8.23 Notation for Row Reduction

A sequence of row operations is often written using arrows:

[125314]R2R23R1[1250711]. \left[ \begin{array}{cc|c} 1&2&5\\ 3&-1&4 \end{array} \right] \overset{R_2\leftarrow R_2-3R_1}{\longrightarrow} \left[ \begin{array}{cc|c} 1&2&5\\ 0&-7&-11 \end{array} \right].

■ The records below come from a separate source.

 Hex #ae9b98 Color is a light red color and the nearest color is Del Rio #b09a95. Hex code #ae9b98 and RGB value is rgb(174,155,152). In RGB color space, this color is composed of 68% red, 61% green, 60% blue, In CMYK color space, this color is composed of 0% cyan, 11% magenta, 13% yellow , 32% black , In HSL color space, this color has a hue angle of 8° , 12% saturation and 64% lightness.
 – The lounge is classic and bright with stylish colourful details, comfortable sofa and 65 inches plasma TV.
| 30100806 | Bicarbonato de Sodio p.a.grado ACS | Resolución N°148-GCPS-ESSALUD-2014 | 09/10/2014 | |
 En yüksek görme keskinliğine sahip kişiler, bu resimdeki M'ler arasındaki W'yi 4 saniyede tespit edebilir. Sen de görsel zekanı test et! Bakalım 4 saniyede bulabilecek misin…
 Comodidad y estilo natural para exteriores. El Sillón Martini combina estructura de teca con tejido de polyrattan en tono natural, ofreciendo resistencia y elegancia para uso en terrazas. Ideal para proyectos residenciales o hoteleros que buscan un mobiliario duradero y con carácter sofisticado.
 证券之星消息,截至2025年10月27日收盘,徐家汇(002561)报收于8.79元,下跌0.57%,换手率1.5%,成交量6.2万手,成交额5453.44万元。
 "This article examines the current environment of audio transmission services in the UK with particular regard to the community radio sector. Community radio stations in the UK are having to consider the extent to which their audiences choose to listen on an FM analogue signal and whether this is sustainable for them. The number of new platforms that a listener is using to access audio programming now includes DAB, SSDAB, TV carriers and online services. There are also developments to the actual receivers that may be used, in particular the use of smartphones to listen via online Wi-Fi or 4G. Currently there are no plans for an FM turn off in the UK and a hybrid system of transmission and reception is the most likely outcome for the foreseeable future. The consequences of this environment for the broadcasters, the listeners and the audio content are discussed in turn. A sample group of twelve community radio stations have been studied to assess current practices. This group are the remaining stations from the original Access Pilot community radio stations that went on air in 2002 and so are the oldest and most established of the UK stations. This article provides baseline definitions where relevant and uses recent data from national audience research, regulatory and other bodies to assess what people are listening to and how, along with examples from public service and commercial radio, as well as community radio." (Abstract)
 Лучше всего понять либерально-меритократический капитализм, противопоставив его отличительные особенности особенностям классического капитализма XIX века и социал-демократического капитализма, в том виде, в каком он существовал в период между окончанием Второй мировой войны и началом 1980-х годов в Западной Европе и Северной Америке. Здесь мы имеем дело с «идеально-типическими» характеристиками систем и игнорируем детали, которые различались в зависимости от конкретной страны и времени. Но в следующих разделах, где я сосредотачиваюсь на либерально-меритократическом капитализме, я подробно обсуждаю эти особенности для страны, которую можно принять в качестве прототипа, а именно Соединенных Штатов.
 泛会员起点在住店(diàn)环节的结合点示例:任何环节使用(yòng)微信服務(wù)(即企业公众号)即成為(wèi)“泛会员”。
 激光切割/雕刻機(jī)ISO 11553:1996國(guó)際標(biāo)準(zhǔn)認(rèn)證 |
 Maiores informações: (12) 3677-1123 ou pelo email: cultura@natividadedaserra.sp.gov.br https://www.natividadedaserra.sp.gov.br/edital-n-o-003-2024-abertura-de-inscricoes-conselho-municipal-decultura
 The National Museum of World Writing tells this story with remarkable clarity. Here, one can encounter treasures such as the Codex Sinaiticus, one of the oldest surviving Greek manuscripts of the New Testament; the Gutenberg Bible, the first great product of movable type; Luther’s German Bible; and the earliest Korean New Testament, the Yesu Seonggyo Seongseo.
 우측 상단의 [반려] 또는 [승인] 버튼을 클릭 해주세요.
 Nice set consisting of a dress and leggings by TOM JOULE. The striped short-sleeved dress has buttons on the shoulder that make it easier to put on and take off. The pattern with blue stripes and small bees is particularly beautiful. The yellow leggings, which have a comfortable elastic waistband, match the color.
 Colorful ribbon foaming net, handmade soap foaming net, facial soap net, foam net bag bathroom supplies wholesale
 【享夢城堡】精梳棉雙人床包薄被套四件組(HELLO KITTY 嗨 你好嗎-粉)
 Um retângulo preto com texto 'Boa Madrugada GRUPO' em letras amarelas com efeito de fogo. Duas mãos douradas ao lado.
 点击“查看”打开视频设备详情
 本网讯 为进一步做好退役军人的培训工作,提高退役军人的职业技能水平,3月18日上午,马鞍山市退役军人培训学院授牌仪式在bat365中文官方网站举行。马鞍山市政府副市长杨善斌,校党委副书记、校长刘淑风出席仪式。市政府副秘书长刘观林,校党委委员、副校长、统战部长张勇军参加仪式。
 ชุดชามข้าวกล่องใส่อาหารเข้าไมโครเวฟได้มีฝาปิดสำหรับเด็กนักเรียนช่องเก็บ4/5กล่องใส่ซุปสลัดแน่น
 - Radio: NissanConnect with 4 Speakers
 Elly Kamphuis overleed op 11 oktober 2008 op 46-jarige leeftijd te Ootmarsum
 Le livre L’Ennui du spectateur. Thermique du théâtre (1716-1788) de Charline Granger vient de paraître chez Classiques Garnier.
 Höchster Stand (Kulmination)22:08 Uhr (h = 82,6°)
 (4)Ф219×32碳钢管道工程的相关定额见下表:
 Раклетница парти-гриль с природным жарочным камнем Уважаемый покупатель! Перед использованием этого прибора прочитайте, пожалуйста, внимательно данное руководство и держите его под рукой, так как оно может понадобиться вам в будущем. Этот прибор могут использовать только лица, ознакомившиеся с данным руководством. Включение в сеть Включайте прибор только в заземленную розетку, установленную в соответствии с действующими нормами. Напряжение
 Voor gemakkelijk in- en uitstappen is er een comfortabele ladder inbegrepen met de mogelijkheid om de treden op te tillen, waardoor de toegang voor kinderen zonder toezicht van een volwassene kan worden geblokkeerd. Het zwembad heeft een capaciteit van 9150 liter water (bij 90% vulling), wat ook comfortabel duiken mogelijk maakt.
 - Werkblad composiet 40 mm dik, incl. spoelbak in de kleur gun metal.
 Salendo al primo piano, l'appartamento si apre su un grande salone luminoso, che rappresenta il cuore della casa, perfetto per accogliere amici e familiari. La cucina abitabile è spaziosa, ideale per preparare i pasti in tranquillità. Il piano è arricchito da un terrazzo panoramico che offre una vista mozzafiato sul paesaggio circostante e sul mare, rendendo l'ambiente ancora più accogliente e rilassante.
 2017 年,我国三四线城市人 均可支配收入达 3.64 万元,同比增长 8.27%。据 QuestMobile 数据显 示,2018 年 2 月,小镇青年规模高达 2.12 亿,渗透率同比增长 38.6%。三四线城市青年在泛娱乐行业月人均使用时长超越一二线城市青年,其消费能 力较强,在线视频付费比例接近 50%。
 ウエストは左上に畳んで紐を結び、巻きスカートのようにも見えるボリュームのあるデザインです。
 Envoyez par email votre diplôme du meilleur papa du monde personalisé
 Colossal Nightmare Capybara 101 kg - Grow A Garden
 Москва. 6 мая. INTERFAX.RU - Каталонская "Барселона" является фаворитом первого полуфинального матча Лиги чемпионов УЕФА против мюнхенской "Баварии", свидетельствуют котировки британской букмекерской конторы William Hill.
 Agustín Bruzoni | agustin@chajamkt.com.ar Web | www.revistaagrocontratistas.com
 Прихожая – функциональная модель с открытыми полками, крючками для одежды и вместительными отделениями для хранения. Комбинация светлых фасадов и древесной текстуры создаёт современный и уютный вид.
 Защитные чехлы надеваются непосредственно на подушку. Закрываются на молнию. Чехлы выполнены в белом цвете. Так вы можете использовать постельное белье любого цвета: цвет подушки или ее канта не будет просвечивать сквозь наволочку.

For longer reductions, operations may be listed at the side. The important point is that each step must be an elementary row operation.

8.24 Summary

Elementary row operations are the permitted moves for row reduction.

They are:

OperationFormula
Row interchangeRiRjR_i\leftrightarrow R_j
Row scalingRicRi, c0R_i\leftarrow cR_i,\ c\ne 0
Row replacementRiRi+cRjR_i\leftarrow R_i+cR_j

They preserve solution sets of augmented systems because each operation is reversible. They produce row equivalent matrices. They are used to create echelon form, reduced row echelon form, pivots, and zeros in controlled positions.

Elementary row operations are therefore the practical mechanism behind solving linear systems and the theoretical mechanism behind rank, row equivalence, and invertibility.